─── Collected data ───

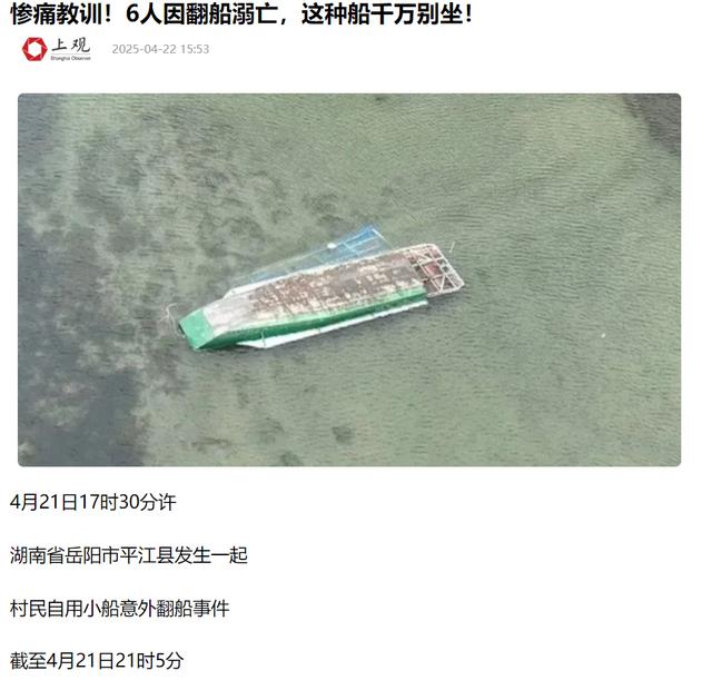 信息来源:2025年4月22日 上观 惨痛教训!6人因翻船溺亡,这种船千万别坐!
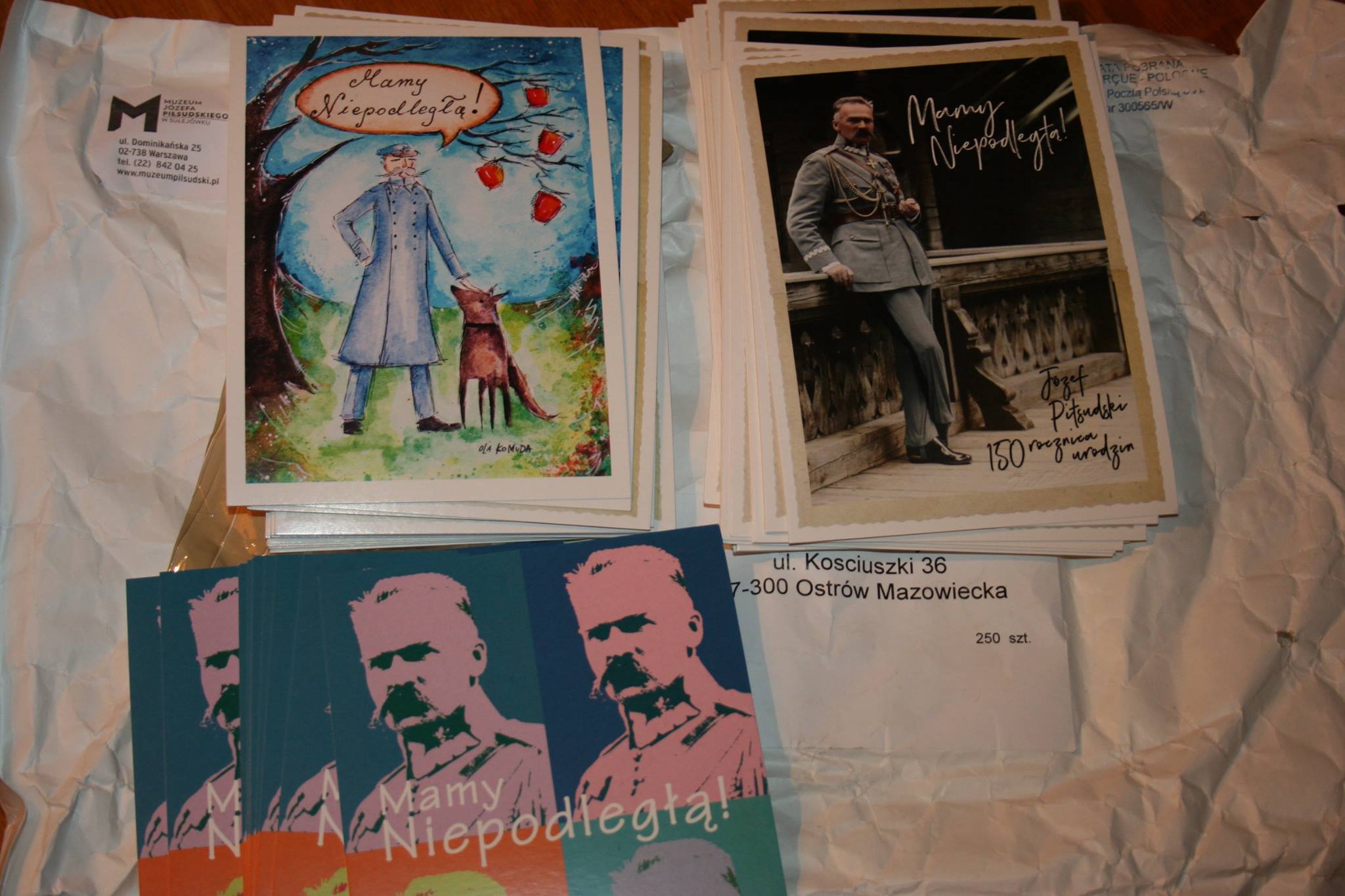 Dziś otrzymaliśmy 250 kartek pocztowych, które związane są z akcją „Mamy Niepodległą”. Jest to projekt Muzeum Józefa Piłsudskiego w Sulejówku, którego celem jest RADOSNE świętowanie 99 – rocznicy odzyskania przez Polskę NIEPODLEGŁOŚCI ! W tym roku szkolnym, My również postanowiliśmy przyłączyć się do tej akcji, dlatego zachęcamy Was drodzy Uczniowie i Nauczyciele do wysłania kartek swoim bliskim i znajomym, które są do odebrania u p. Magdaleny Barzyczak, p. Moniki Kuziak, p. Marcina Kuleszy.
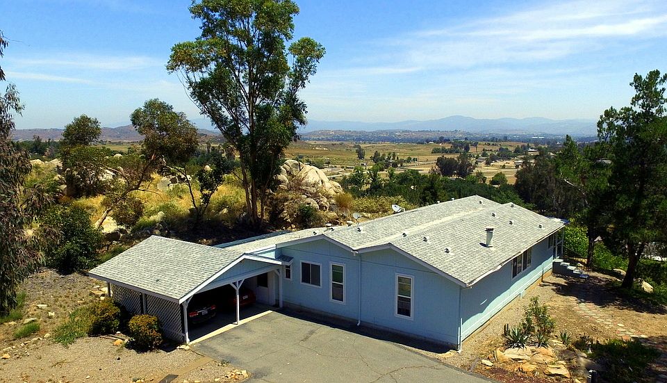 Beautiful Hilltop with amazing views! This home on 4.15 acres in desirable WEST END Ramona is ideal for horse/animal lover or garden enthusiast! Rocky outcroppings, mature oak trees, privacy and open spaces abound! Excellent investment in an area of attractive homes on a paved road. Lot is over 4 acres, potentially can be split into two parcels. Huge out building with parking for 4 cars; plus sea trains for storage. Home is a Silvercrest factory built home; custom floorplan built in 1989. See Supplement

───

→ **What is being asked**
An unaltered copy of the material, without images, should be set down.

→ **Response**
 信息来源:2025年4月22日 上观 惨痛教训!6人因翻船溺亡,这种船千万别坐!
 Dziś otrzymaliśmy 250 kartek pocztowych, które związane są z akcją „Mamy Niepodległą”. Jest to projekt Muzeum Józefa Piłsudskiego w Sulejówku, którego celem jest RADOSNE świętowanie 99 – rocznicy odzyskania przez Polskę NIEPODLEGŁOŚCI ! W tym roku szkolnym, My również postanowiliśmy przyłączyć się do tej akcji, dlatego zachęcamy Was drodzy Uczniowie i Nauczyciele do wysłania kartek swoim bliskim i znajomym, które są do odebrania u p. Magdaleny Barzyczak, p. Moniki Kuziak, p. Marcina Kuleszy.
 Beautiful Hilltop with amazing views! This home on 4.15 acres in desirable WEST END Ramona is ideal for horse/animal lover or garden enthusiast! Rocky outcroppings, mature oak trees, privacy and open spaces abound! Excellent investment in an area of attractive homes on a paved road. Lot is over 4 acres, potentially can be split into two parcels. Huge out building with parking for 4 cars; plus sea trains for storage. Home is a Silvercrest factory built home; custom floorplan built in 1989. See Supplement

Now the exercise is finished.